At this point, it's worth noting that the user mode stack trace database is useless. It only applies to items on the heap, but not VirtualAlloc(). You'll not figure out who allocated the 1 GB block.
And I forgot to enable the user mode stack trace database anyway. Let's do that and cross check
0:000> !gflag
Current NtGlobalFlag contents: 0x00001000
ust - Create user mode stack trace database
And now, there should be stack traces for smaller pieces of memory.

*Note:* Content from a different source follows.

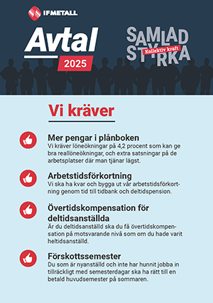 Affischen visar IF Metalls avtalskrav och vad arbetsgivarna vill. Ladda ner, skriv ut och dela till dina arbetskamrater.

In this example, I use an arbitrary block of size 0x208:
0:000> !heap -flt s 208
_HEAP @ 2a0000
HEAP_ENTRY Size Prev Flags UserPtr UserSize - state
002c9818 0044 0000 [00] 002c9830 00208 - (busy)
002cd1e8 0044 0044 [00] 002cd200 00208 - (busy)
002d5ad0 0044 0044 [00] 002d5ae8 00208 - (busy)
002f0c48 0044 0044 [00] 002f0c60 00208 - (busy)
0032c210 0044 0044 [00] 0032c228 00208 - (busy)
00351c90 0044 0044 [00] 00351ca8 00208 - (busy)
0:000> *** Use any UserPtr number, I use the last one
0:000> !heap -p -a 00351ca8
address 00351ca8 found in
_HEAP @ 2a0000
HEAP_ENTRY Size Prev Flags UserPtr UserSize - state
00351c90 0044 0000 [00] 00351ca8 00208 - (busy)
779dd909 ntdll!RtlAllocateHeap+0x00000274
71e18bc7 clr!EEHeapAlloc+0x0000002c
71e18c0a clr!EEHeapAllocInProcessHeap+0x0000005b
71e18ba6 clr!ClrAllocInProcessHeap+0x00000023
71e2dd26 clr!StackingAllocator::AllocNewBlockForBytes+0x00000082
71e2dd76 clr!operator new+0x00000063
71e93ace clr!MethodTableBuilder::BuildMethodTableThrowing+0x00000059
71e94590 clr!ClassLoader::CreateTypeHandleForTypeDefThrowing+0x0000083a
71e2e956 clr!ClassLoader::CreateTypeHandleForTypeKey+0x000000ad
71e2e99a clr!ClassLoader::DoIncrementalLoad+0x000000c2
71e2e418 clr!ClassLoader::LoadTypeHandleForTypeKey_Body+0x00000505
71e2e5a7 clr!ClassLoader::LoadTypeHandleForTypeKey+0x000000b5
71e2f723 clr!ClassLoader::LoadTypeDefThrowing+0x00000318
71e2a974 clr!ClassLoader::LoadTypeDefOrRefThrowing+0x0000024c
71f57811 clr!Assembly::GetEntryPoint+0x0000022f
71f856e0 clr!Assembly::ExecuteMainMethod+0x000000b3
71f855ed clr!SystemDomain::ExecuteMainMethod+0x00000631
71f858d3 clr!ExecuteEXE+0x0000004c
71f85819 clr!_CorExeMainInternal+0x000000dc
71f55a0c clr!_CorExeMain+0x0000004d
7251d93b mscoreei!_CorExeMain+0x0000010e
72597f16 MSCOREE!ShellShim__CorExeMain+0x00000099
72594de3 MSCOREE!_CorExeMain_Exported+0x00000008
77999802 ntdll!__RtlUserThreadStart+0x00000070
779997d5 ntdll!_RtlUserThreadStart+0x0000001b
Just one more note: if you modify the program to have smaller blocks of memory, e.g.
for (int i = 0; i < 1000; i++)
{
pointer = Marshal.AllocHGlobal(3*1024 );
}
You will see the allocation in the heap:
0:004> ? 3*0n1024
Evaluate expression: 3072 = 00000c00
0:004> !heap -flt c00
cound not parse flt criteria -flt c00
0:004> !heap -flt s c00
_HEAP @ 67c0000
HEAP_ENTRY Size Prev Flags UserPtr UserSize - state
0686b668 0183 0000 [00] 0686b680 00c00 - (busy)
0686efa8 0183 0183 [00] 0686efc0 00c00 - (busy)
[...]
And you will see stack traces
0:004> !heap -p -a 4d0fdf18
address 4d0fdf18 found in
_HEAP @ 67c0000
HEAP_ENTRY Size Prev Flags UserPtr UserSize - state
4d0fdf00 0191 0000 [00] 4d0fdf18 00c00 - (busy)
779dd909 ntdll!RtlAllocateHeap+0x00000274
768f5aae KERNELBASE!LocalAlloc+0x0000005f
70c6ad4f mscorlib_ni+0x003fad4f
7138c4da mscorlib_ni+0x00b1c4da
71e0ebb6 clr!CallDescrWorkerInternal+0x00000034
71e11e10 clr!CallDescrWorkerWithHandler+0x0000006b
71e17994 clr!MethodDescCallSite::CallTargetWorker+0x0000016a
71f85026 clr!RunMain+0x000001ad
71f85707 clr!Assembly::ExecuteMainMethod+0x00000124
[...]
But you won't see the managed method calls. That's because the USt database was built for native only. It's the same reason you have different stacks in .NET using k or !dumpstack.